> **PROBLEM TO WORK ON**
Nothing may be dropped. Retype the whole listing exactly.

> **THE INPUT**

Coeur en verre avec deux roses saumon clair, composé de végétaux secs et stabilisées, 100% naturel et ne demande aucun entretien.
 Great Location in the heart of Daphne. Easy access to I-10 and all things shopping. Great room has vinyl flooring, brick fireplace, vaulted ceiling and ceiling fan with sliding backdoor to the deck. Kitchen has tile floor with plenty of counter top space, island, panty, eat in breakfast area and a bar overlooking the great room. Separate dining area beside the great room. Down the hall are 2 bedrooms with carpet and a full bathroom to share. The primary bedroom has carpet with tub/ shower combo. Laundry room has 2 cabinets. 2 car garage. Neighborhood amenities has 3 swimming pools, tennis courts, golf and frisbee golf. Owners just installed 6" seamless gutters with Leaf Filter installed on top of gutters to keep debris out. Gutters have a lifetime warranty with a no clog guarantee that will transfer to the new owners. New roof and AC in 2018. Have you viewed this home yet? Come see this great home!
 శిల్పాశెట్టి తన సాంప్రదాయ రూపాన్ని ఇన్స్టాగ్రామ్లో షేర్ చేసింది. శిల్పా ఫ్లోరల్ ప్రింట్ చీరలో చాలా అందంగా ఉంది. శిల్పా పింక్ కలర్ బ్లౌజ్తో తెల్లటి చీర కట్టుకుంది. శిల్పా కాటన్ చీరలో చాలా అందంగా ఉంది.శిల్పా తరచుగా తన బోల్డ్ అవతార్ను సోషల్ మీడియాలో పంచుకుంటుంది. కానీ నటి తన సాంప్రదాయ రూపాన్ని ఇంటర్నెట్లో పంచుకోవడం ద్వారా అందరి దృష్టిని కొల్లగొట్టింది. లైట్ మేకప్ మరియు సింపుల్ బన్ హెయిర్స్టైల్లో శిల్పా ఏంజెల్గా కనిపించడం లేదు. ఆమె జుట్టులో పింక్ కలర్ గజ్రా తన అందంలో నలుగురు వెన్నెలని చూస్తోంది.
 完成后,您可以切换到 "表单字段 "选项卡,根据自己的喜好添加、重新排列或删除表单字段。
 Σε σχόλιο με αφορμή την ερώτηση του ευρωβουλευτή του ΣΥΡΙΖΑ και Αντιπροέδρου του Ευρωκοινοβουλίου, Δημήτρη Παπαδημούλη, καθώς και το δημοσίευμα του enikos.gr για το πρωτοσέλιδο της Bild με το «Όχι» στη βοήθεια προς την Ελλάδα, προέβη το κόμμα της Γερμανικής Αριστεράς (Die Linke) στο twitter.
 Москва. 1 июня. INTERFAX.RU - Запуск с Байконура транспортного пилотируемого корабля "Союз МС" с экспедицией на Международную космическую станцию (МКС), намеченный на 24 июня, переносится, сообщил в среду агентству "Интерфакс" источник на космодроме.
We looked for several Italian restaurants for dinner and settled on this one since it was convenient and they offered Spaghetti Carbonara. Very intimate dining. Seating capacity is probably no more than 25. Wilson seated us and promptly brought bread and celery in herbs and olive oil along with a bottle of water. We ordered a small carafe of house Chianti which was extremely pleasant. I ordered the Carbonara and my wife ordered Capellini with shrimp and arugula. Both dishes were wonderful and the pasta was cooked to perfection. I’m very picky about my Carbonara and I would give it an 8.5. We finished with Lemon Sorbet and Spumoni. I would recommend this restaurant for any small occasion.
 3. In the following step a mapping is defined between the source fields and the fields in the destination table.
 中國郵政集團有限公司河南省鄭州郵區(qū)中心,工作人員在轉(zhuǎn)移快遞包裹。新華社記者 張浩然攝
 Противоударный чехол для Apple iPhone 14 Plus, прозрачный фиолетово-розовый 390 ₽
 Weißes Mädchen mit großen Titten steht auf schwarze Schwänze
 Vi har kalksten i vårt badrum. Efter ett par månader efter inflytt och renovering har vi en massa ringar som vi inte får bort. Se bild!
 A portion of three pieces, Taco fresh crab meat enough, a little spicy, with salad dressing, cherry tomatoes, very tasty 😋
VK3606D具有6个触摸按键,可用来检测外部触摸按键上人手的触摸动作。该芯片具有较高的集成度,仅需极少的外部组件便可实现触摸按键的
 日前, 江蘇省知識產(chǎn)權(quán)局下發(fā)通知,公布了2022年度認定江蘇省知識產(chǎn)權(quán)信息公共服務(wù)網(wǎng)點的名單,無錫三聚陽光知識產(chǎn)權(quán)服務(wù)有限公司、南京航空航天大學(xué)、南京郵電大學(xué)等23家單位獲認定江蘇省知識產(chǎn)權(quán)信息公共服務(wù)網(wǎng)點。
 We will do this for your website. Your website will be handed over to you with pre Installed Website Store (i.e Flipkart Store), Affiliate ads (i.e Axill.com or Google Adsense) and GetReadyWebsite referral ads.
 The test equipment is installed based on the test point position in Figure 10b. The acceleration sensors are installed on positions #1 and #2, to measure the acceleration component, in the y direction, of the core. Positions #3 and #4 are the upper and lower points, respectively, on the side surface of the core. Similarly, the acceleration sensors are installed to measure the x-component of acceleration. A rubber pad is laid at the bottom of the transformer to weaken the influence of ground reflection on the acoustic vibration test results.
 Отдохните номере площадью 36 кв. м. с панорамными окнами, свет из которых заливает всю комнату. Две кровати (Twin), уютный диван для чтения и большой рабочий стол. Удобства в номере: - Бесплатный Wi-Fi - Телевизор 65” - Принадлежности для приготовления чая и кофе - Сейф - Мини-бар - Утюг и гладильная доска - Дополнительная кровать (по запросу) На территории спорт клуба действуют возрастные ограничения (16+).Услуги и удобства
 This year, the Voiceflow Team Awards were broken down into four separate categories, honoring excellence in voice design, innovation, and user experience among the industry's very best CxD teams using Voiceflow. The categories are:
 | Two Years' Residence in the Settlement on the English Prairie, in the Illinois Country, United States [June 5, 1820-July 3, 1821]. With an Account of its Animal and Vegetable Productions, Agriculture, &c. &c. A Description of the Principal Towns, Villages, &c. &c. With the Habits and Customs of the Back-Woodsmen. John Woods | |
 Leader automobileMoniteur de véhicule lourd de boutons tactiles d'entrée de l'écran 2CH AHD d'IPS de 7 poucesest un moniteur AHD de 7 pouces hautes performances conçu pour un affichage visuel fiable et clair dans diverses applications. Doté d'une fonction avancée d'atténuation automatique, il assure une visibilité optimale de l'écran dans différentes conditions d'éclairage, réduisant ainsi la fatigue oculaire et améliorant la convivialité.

> **EXERCISE SOLUTION**
Coeur en verre avec deux roses saumon clair, composé de végétaux secs et stabilisées, 100% naturel et ne demande aucun entretien.
 Great Location in the heart of Daphne. Easy access to I-10 and all things shopping. Great room has vinyl flooring, brick fireplace, vaulted ceiling and ceiling fan with sliding backdoor to the deck. Kitchen has tile floor with plenty of counter top space, island, panty, eat in breakfast area and a bar overlooking the great room. Separate dining area beside the great room. Down the hall are 2 bedrooms with carpet and a full bathroom to share. The primary bedroom has carpet with tub/ shower combo. Laundry room has 2 cabinets. 2 car garage. Neighborhood amenities has 3 swimming pools, tennis courts, golf and frisbee golf. Owners just installed 6" seamless gutters with Leaf Filter installed on top of gutters to keep debris out. Gutters have a lifetime warranty with a no clog guarantee that will transfer to the new owners. New roof and AC in 2018. Have you viewed this home yet? Come see this great home!
 శిల్పాశెట్టి తన సాంప్రదాయ రూపాన్ని ఇన్స్టాగ్రామ్లో షేర్ చేసింది. శిల్పా ఫ్లోరల్ ప్రింట్ చీరలో చాలా అందంగా ఉంది. శిల్పా పింక్ కలర్ బ్లౌజ్తో తెల్లటి చీర కట్టుకుంది. శిల్పా కాటన్ చీరలో చాలా అందంగా ఉంది.శిల్పా తరచుగా తన బోల్డ్ అవతార్ను సోషల్ మీడియాలో పంచుకుంటుంది. కానీ నటి తన సాంప్రదాయ రూపాన్ని ఇంటర్నెట్లో పంచుకోవడం ద్వారా అందరి దృష్టిని కొల్లగొట్టింది. లైట్ మేకప్ మరియు సింపుల్ బన్ హెయిర్స్టైల్లో శిల్పా ఏంజెల్గా కనిపించడం లేదు. ఆమె జుట్టులో పింక్ కలర్ గజ్రా తన అందంలో నలుగురు వెన్నెలని చూస్తోంది.
 完成后,您可以切换到 "表单字段 "选项卡,根据自己的喜好添加、重新排列或删除表单字段。
 Σε σχόλιο με αφορμή την ερώτηση του ευρωβουλευτή του ΣΥΡΙΖΑ και Αντιπροέδρου του Ευρωκοινοβουλίου, Δημήτρη Παπαδημούλη, καθώς και το δημοσίευμα του enikos.gr για το πρωτοσέλιδο της Bild με το «Όχι» στη βοήθεια προς την Ελλάδα, προέβη το κόμμα της Γερμανικής Αριστεράς (Die Linke) στο twitter.
 Москва. 1 июня. INTERFAX.RU - Запуск с Байконура транспортного пилотируемого корабля "Союз МС" с экспедицией на Международную космическую станцию (МКС), намеченный на 24 июня, переносится, сообщил в среду агентству "Интерфакс" источник на космодроме.
We looked for several Italian restaurants for dinner and settled on this one since it was convenient and they offered Spaghetti Carbonara. Very intimate dining. Seating capacity is probably no more than 25. Wilson seated us and promptly brought bread and celery in herbs and olive oil along with a bottle of water. We ordered a small carafe of house Chianti which was extremely pleasant. I ordered the Carbonara and my wife ordered Capellini with shrimp and arugula. Both dishes were wonderful and the pasta was cooked to perfection. I’m very picky about my Carbonara and I would give it an 8.5. We finished with Lemon Sorbet and Spumoni. I would recommend this restaurant for any small occasion.
 3. In the following step a mapping is defined between the source fields and the fields in the destination table.
 中國郵政集團有限公司河南省鄭州郵區(qū)中心,工作人員在轉(zhuǎn)移快遞包裹。新華社記者 張浩然攝
 Противоударный чехол для Apple iPhone 14 Plus, прозрачный фиолетово-розовый 390 ₽
 Weißes Mädchen mit großen Titten steht auf schwarze Schwänze
 Vi har kalksten i vårt badrum. Efter ett par månader efter inflytt och renovering har vi en massa ringar som vi inte får bort. Se bild!
 A portion of three pieces, Taco fresh crab meat enough, a little spicy, with salad dressing, cherry tomatoes, very tasty 😋
VK3606D具有6个触摸按键,可用来检测外部触摸按键上人手的触摸动作。该芯片具有较高的集成度,仅需极少的外部组件便可实现触摸按键的
 日前, 江蘇省知識產(chǎn)權(quán)局下發(fā)通知,公布了2022年度認定江蘇省知識產(chǎn)權(quán)信息公共服務(wù)網(wǎng)點的名單,無錫三聚陽光知識產(chǎn)權(quán)服務(wù)有限公司、南京航空航天大學(xué)、南京郵電大學(xué)等23家單位獲認定江蘇省知識產(chǎn)權(quán)信息公共服務(wù)網(wǎng)點。
 We will do this for your website. Your website will be handed over to you with pre Installed Website Store (i.e Flipkart Store), Affiliate ads (i.e Axill.com or Google Adsense) and GetReadyWebsite referral ads.
 The test equipment is installed based on the test point position in Figure 10b. The acceleration sensors are installed on positions #1 and #2, to measure the acceleration component, in the y direction, of the core. Positions #3 and #4 are the upper and lower points, respectively, on the side surface of the core. Similarly, the acceleration sensors are installed to measure the x-component of acceleration. A rubber pad is laid at the bottom of the transformer to weaken the influence of ground reflection on the acoustic vibration test results.
 Отдохните номере площадью 36 кв. м. с панорамными окнами, свет из которых заливает всю комнату. Две кровати (Twin), уютный диван для чтения и большой рабочий стол. Удобства в номере: - Бесплатный Wi-Fi - Телевизор 65” - Принадлежности для приготовления чая и кофе - Сейф - Мини-бар - Утюг и гладильная доска - Дополнительная кровать (по запросу) На территории спорт клуба действуют возрастные ограничения (16+).Услуги и удобства
 This year, the Voiceflow Team Awards were broken down into four separate categories, honoring excellence in voice design, innovation, and user experience among the industry's very best CxD teams using Voiceflow. The categories are:
 | Two Years' Residence in the Settlement on the English Prairie, in the Illinois Country, United States [June 5, 1820-July 3, 1821]. With an Account of its Animal and Vegetable Productions, Agriculture, &c. &c. A Description of the Principal Towns, Villages, &c. &c. With the Habits and Customs of the Back-Woodsmen. John Woods | |
 Leader automobileMoniteur de véhicule lourd de boutons tactiles d'entrée de l'écran 2CH AHD d'IPS de 7 poucesest un moniteur AHD de 7 pouces hautes performances conçu pour un affichage visuel fiable et clair dans diverses applications. Doté d'une fonction avancée d'atténuation automatique, il assure une visibilité optimale de l'écran dans différentes conditions d'éclairage, réduisant ainsi la fatigue oculaire et améliorant la convivialité.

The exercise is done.